Asked how Trump was recuperating, Friedman said, “He’s really OK, he’s even better than OK. He sees, probably, some real divine providence in the fact that he could have lost his life had the bullet been one millimeter in a different direction.”
Friedman added that he personally is “kind of optimistic about where this will take us — both [Trump] personally and as a country, that it’ll maybe bring us back to a place of greater civility within our discourse.”

The attempt on the former president’s life came two days before the start of the Republican National Convention in Milwaukee, Wisconsin. The event is proceeding as planned, though Trump has said that he rewrote his address following the shooting.
At the convention on Monday, Trump announced that Senator JD Vance would be his running mate, seeking the vice presidency.
Speaking to Friedman on Monday, Channel 12 presenter Yonit Levi said: “It’s not a huge secret that Prime Minister [Benjamin] Netanyahu and his advisers very much want Trump to be reelected.”
Under the Trump administration, the United States moved its embassy in Israel to Jerusalem, recognized Israeli sovereignty over the Golan Heights, and brokered the Abraham Accords, peace agreements between Israel and several regional nations.

But, Levi said, “Israelis have heard from President Trump all kinds of things these last months,” citing Trump’s statement in March that Israel had to “finish up” the war, as well as comments shortly after the outbreak of the war in which he said the Hezbollah terror group is “very smart.”

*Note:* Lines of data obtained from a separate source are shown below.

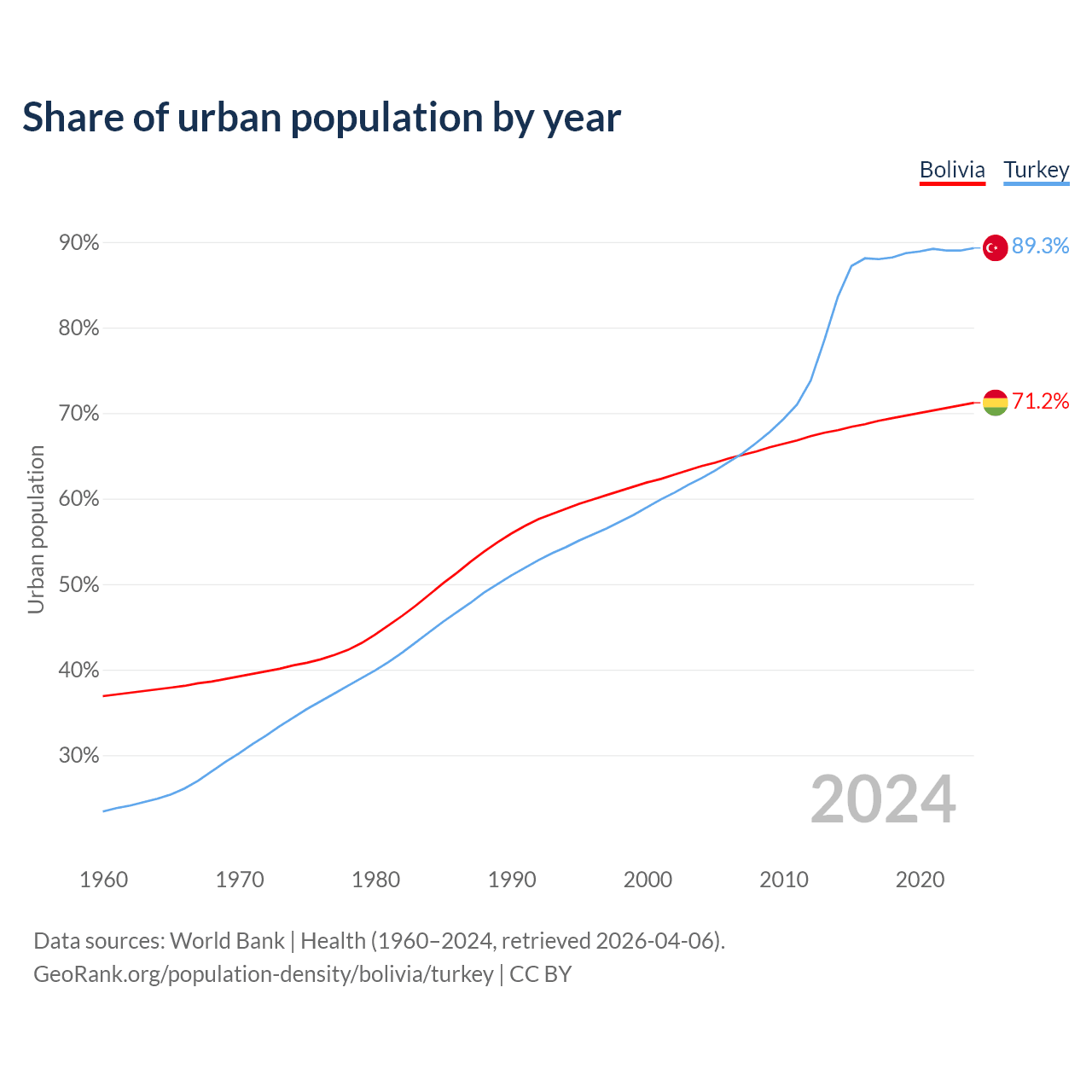 From 2004 to 2024, the share of urban population changed from 63.8% to 71.2% in Bolivia and from 62.4% to 89.3% in Turkey.
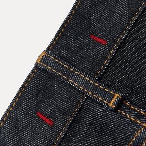 High rise jeans made of cotton blend fabric. Belt loops and five pockets. Pronounced contrasting topstitching detail. Straight leg. Front zip and button closure.
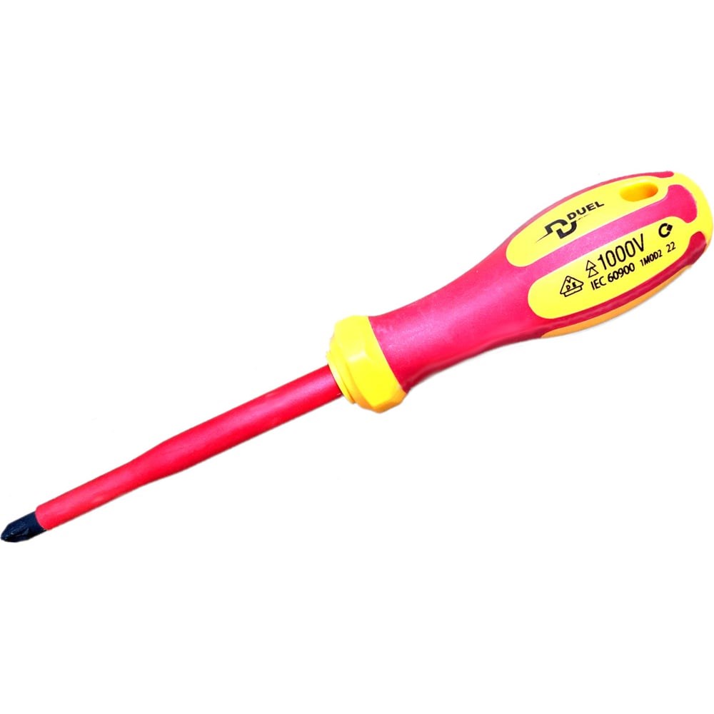 Диэлектрическая отвёртка DUEL соответствует стандарту 1000V IEC-60900. Диэлектрическое покрытие отвёртки, позволяет работать под переменным напряжением до 1000В или под постоянным напряжением до 1500В. Универсальный шлиц MOD2 совмещает в себе SL6 и PZ2, болты с таким шлицем часто встречаются в автоматах, розетках выключателях и прочих электро приборах. Изготовлена из сверхпрочной стали, что делает инструмент надежным и долговечным. Наконечник покрыт чёрной оксидной плёнкой. Эргономичная рукоять служит для комфортной эксплуатации.
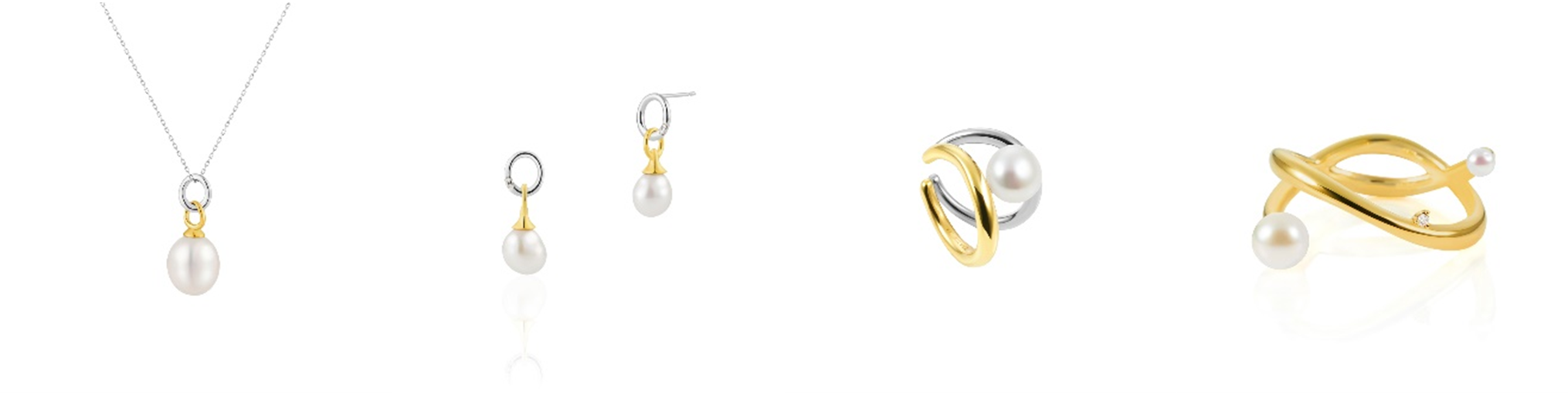 今回の新作は、コンビカラーにダイヤモンドやパールの輝きを留めた上品で存在感のあるシリーズ。水の躍動感を宿した抑揚のあるデザインが魅力のネックレスや、揺れるバロックパールが顔周りを優雅に映すピアス、泡をイメージしたパールとダイヤモンドのピュアな煌めきを添えたリングなどをご用意しました。上品でたおやかなデザインで存在感を放つジュエリーが、身に着ける人の可憐で澄んだ魅力をより引き出します。

“You’ll get the same president Trump as we had from 2017 to 2021,” Friedman responded, marked by “strong support for Israel.”
On Trump’s “very smart” comment, Friedman said, “Saying that Hezbollah is a formidable enemy or that they’re smart is not that they’re good or that they shouldn’t be defeated. You can be a challenging enemy, and still be worthy of annihilation, which is in fact what Hezbollah is, on both counts.”
Since October 8, Hezbollah-led forces have attacked Israeli communities and military posts along the Israel-Lebanon border on a near-daily basis, with the group saying it is doing so to support Gaza amid the war there.
Friedman told Levi that Trump supported “a quick, decisive victory by Israel,” adding, “Now, it hasn’t been quick, but it’s certainly moving now to being decisive, and I think he supports that completely.”
Trump, said Friedman, “thinks the war should end when Israel’s victorious — not before that” and backs a decisive Israeli victory against “these horrific terrorist foes.” Trump, he says, is “100 percent behind Israel.”
In his debate last month against US President Joe Biden, who is running against Trump in a bid for reelection, Trump rejected Biden’s assertion that Hamas was the only party to the war that wanted fighting to continue.
“Actually, Israel is the one [who wants to keep fighting], and you should let them go and let them finish the job,” Trump said.
“He doesn’t want to do it. He’s become like a Palestinian,” Trump said of Biden, “but they don’t like him because he’s a very bad Palestinian. He’s a weak one.”
Asked whether he’d support the establishment of a Palestinian state to secure peace in the region, Trump said, “I’d have to see.”
When Friedman was asked about his own role in a potential second Trump administration, Friedman said he thought about it “all the time,” but declined to reveal the content of those thoughts, adding: “It’s up to him. I’ll be honored to serve the United States in whatever way he thinks is best.”